Task to carry out: In the records that follow, find the line containing "Очаровательная пижама для" and the line containing "Kamyon yol kenarındaki", then transcribe both and every line between them exactly, omitting pictures.

Material for the task:
····················

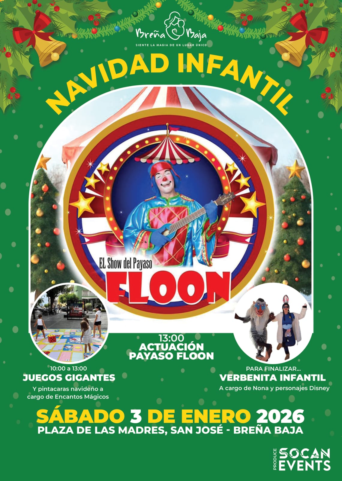 El sábado 3 de enero desde las 10 hs habrá varias actividades infantiles bajo la producción de Socan Events en la Plaza de Las Madres de San José y con motivo del Programa de Navidad del municipio que viene organizando el Ayuntamiento de Breña Baja.
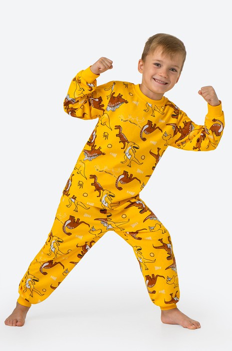 Очаровательная пижама для мальчика в ярком желтом цвете с принтом Динозавры сделает домашние вечера ещё уютнее. Хлопковая трикотажная ткань мягкая и приятная, а забавный рисунок добавляет настроения на каждый день.
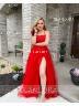 A-line Princess Halter Sleeveless Perfect Sweep Train Tulle Corset Prom Dress With Slit
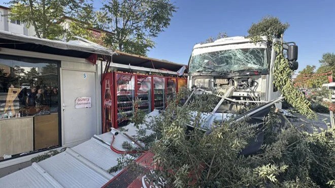 Kamyon yol kenarındaki 7 konteyner iş yerine çarptı.
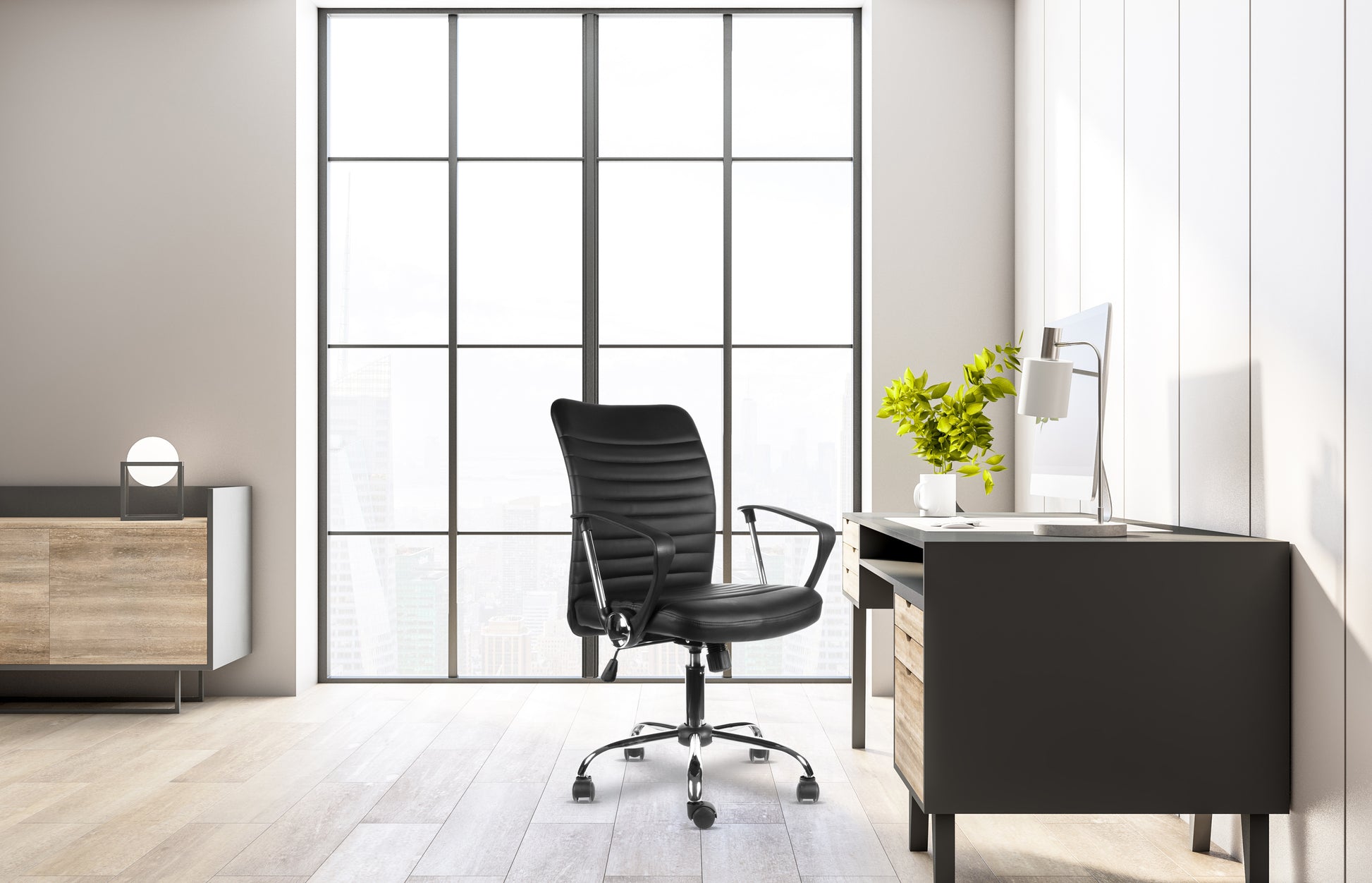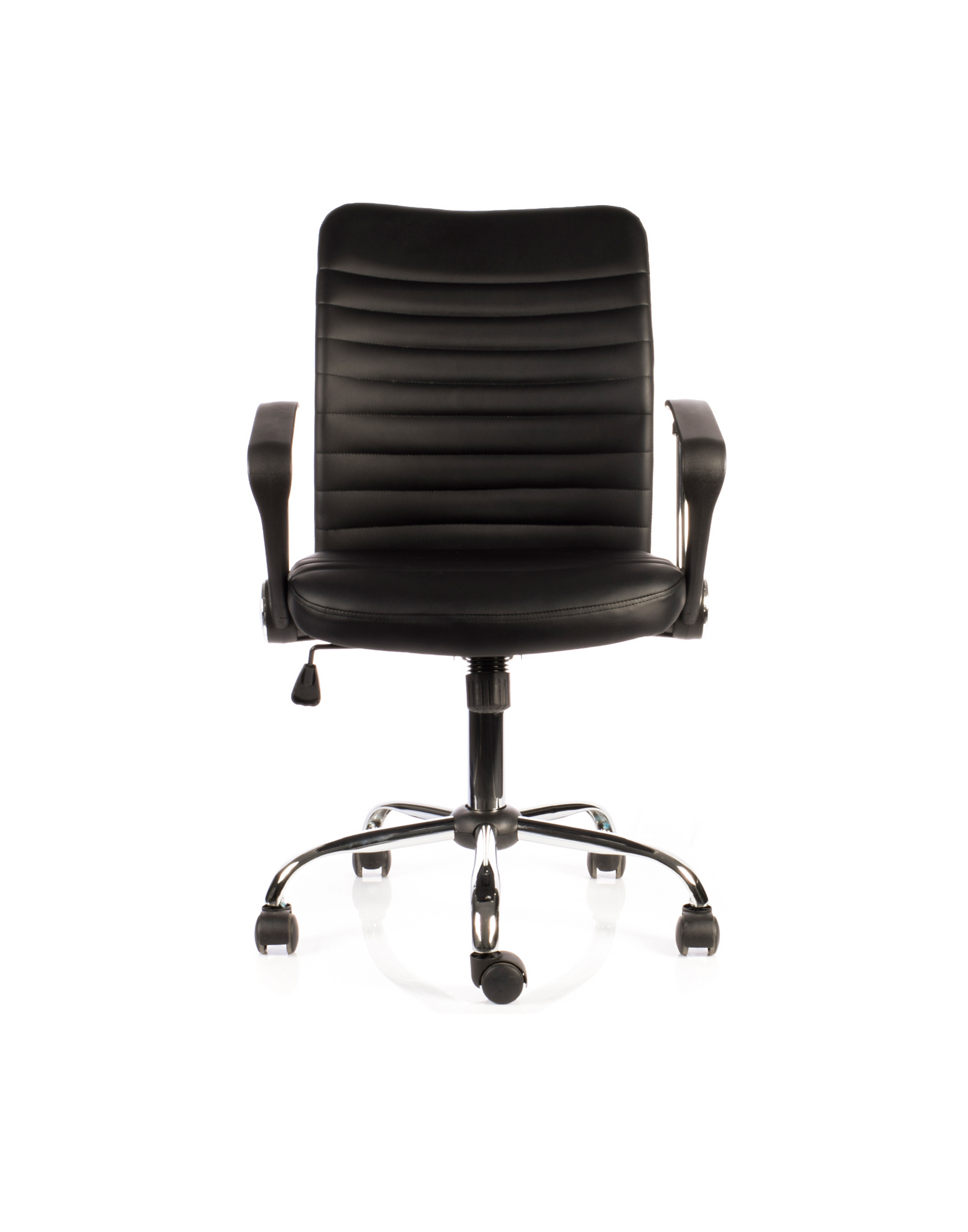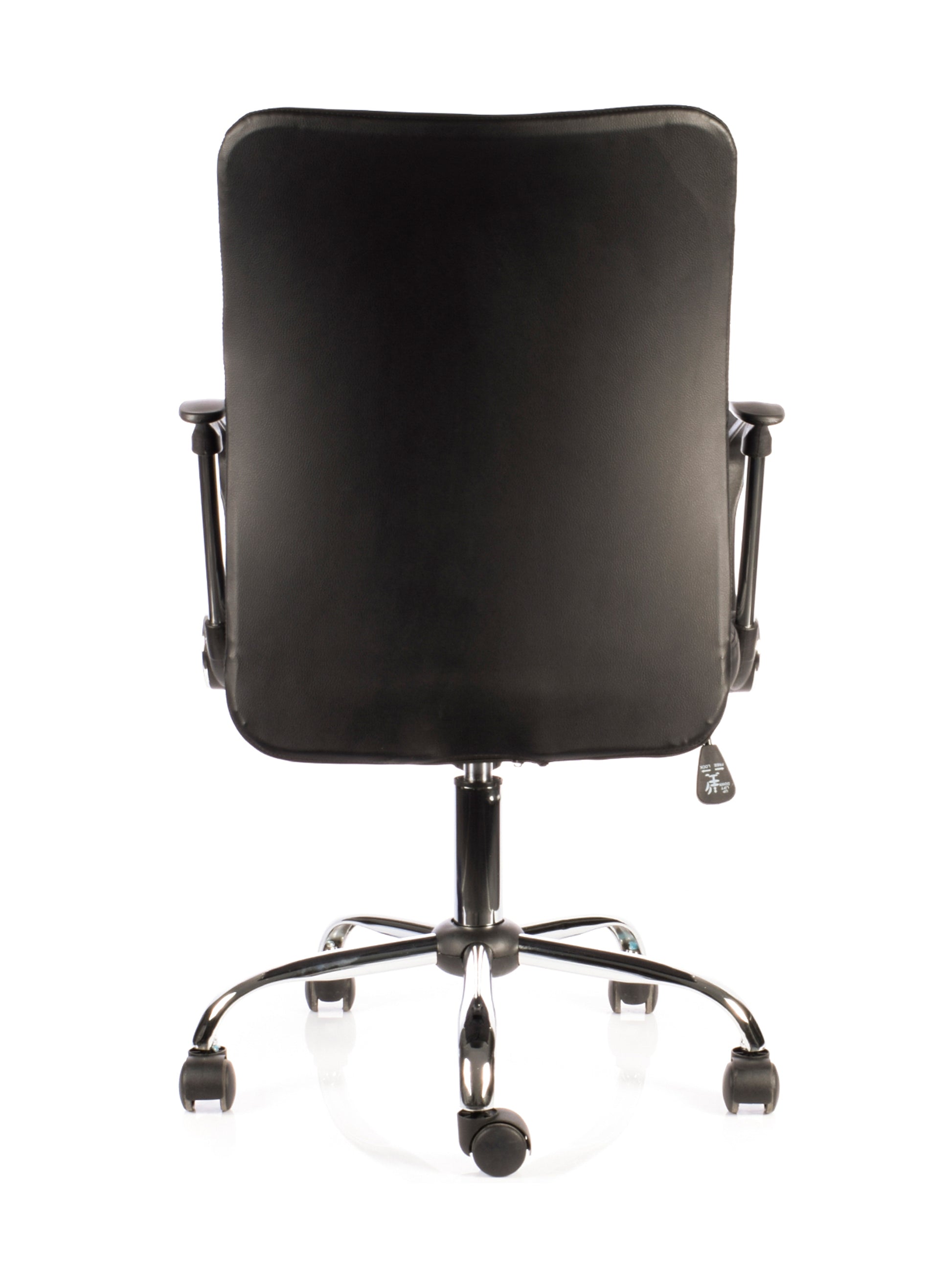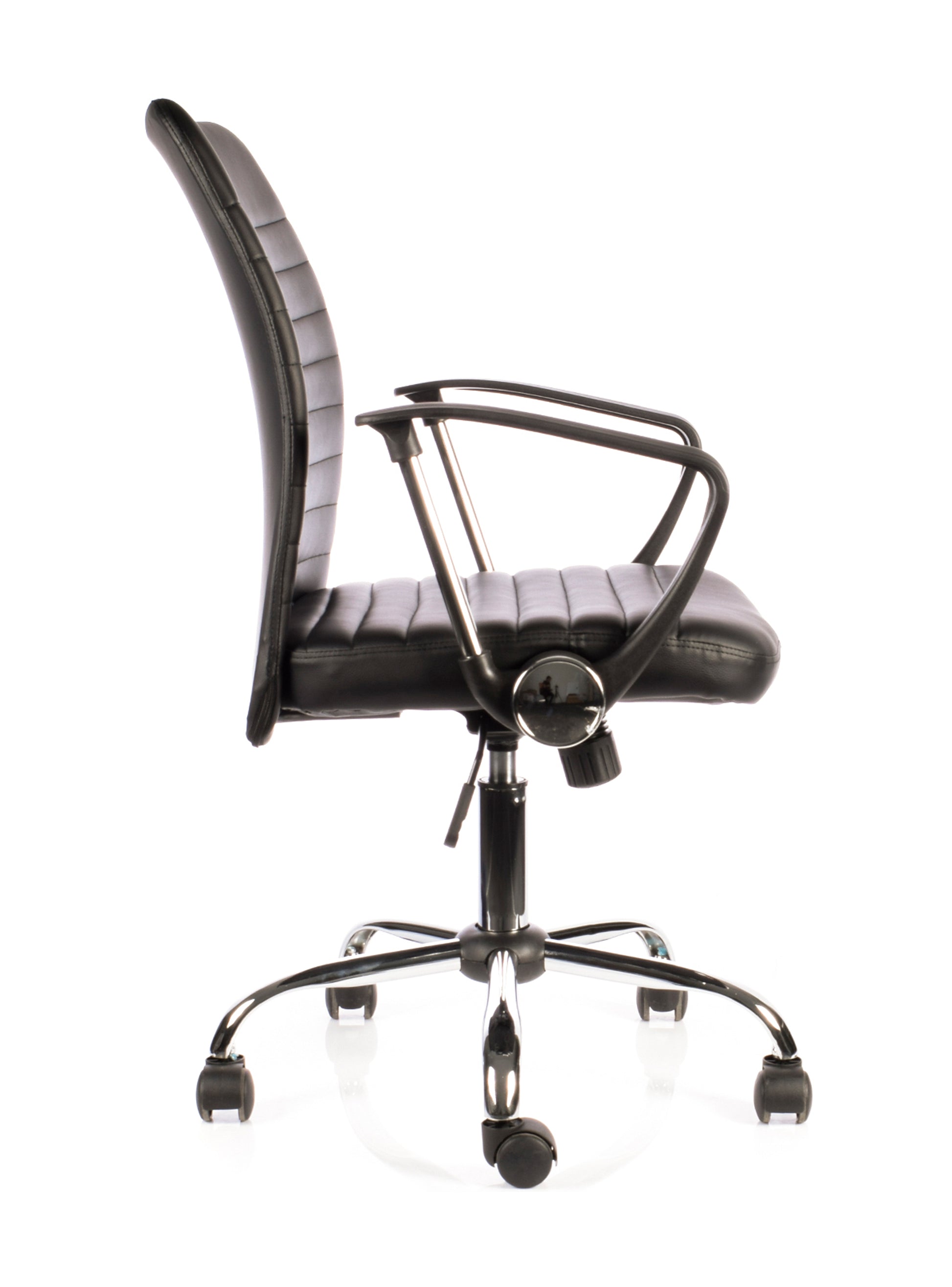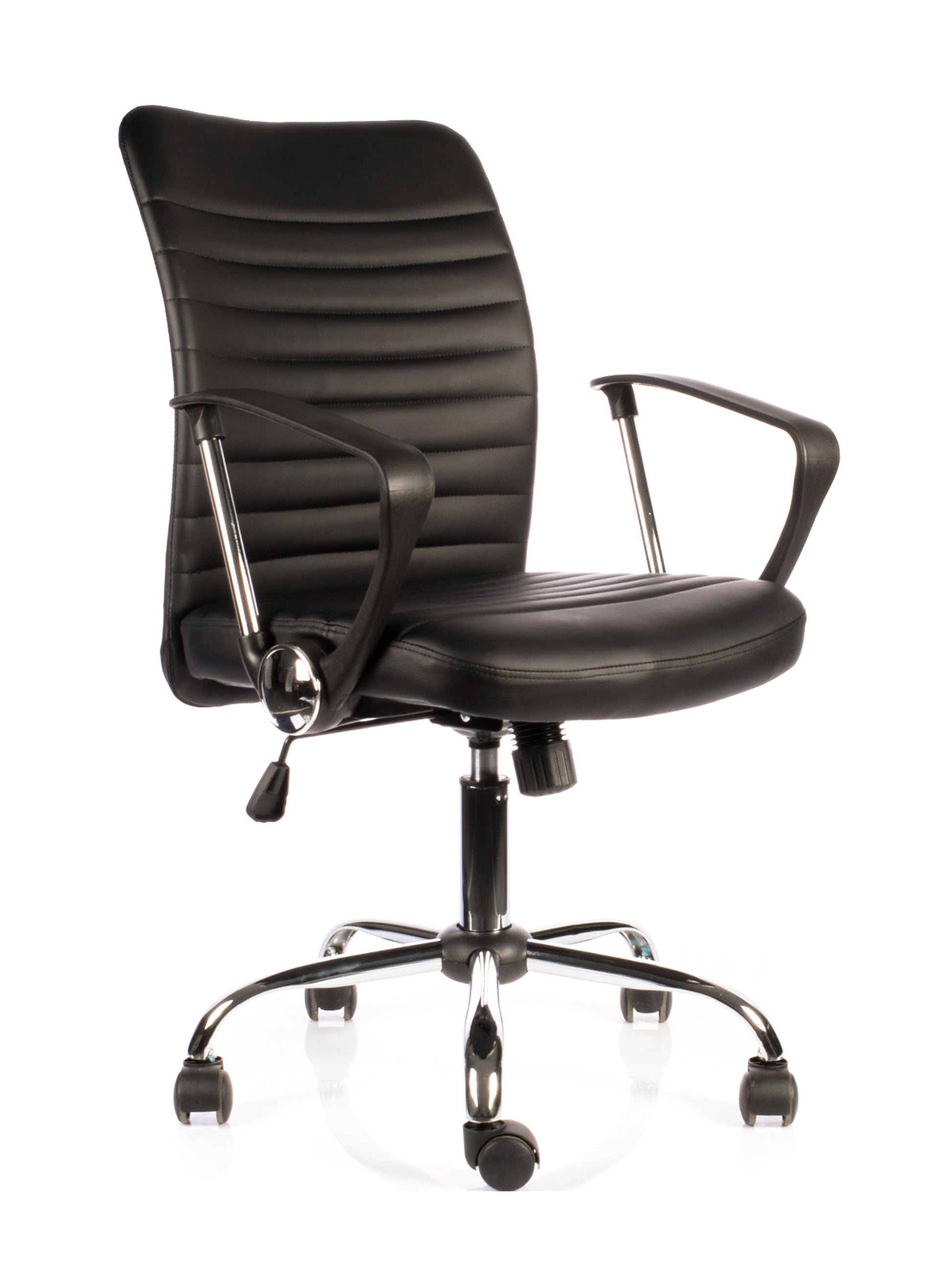 Sillón Clark de diseño moderno, es ideal para espacios de trabajo tanto de oficinas como Home Office. Posee un respaldo y asiento tapizado en cuero sintético negro, brazos fijos cromados con cubierta de polipropileno, regulación de altura del asiento, reclinación y regulación de tensión del respaldo con base giratoria cromada

····················

Expected answer:
 Очаровательная пижама для мальчика в ярком желтом цвете с принтом Динозавры сделает домашние вечера ещё уютнее. Хлопковая трикотажная ткань мягкая и приятная, а забавный рисунок добавляет настроения на каждый день.
 A-line Princess Halter Sleeveless Perfect Sweep Train Tulle Corset Prom Dress With Slit
 Kamyon yol kenarındaki 7 konteyner iş yerine çarptı.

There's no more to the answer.